**EXERCISE DESCRIPTION:**
Which lines come from the start of the listing through the line holding "夏の新しいナイロンアイスシル"? Restate exactly those, both included, minus the pictures.

**DATA:**
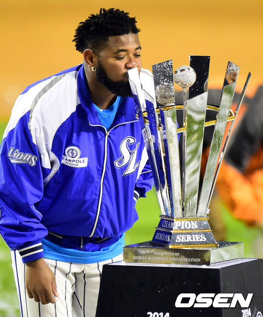 삼성 나바로가 우승 트로피에 세레머니를 하고 있다./jpnews@osen.co.kr
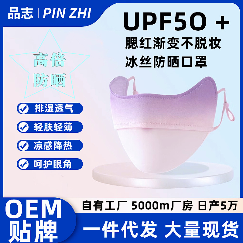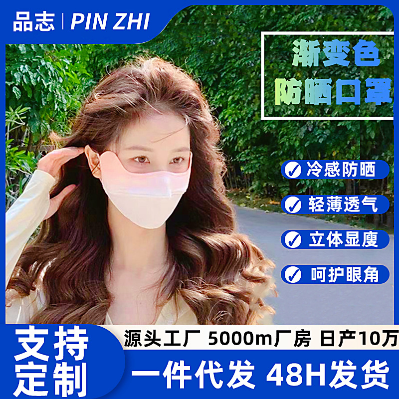 夏の新しいナイロンアイスシルクマスクグラデーションブラッシュ目の保護日焼け止めマスク女性の薄型通気性サンシェードマスク
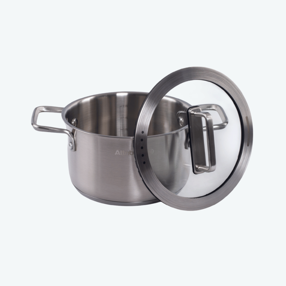 Коллекция ARGENTO создана для комфортного и эффективного приготовления блюд каждый день. Пятислойное дно посуды обеспечивает равномерный нагрев и удержание тепла, снижая риск пригорания. Плоская стеклянная крышка с силиконовым ободом плотно прилегает к корпусу, предотвращает разбрызгивание и оснащена отверстиями для выхода пара и слива воды. Встроенная мерная шкала упрощает точное дозирование ингредиентов, помогая соблюдать рецепты. В линейке представлены ковш 1,8 л и кастрюли разных объёмов — удобные решения для приготовления соусов, супов, гарниров и других блюд. ARGENTO сочетает функциональность и современный лаконичный дизайн.

**REPLY:**
 삼성 나바로가 우승 트로피에 세레머니를 하고 있다./jpnews@osen.co.kr
 夏の新しいナイロンアイスシルクマスクグラデーションブラッシュ目の保護日焼け止めマスク女性の薄型通気性サンシェードマスク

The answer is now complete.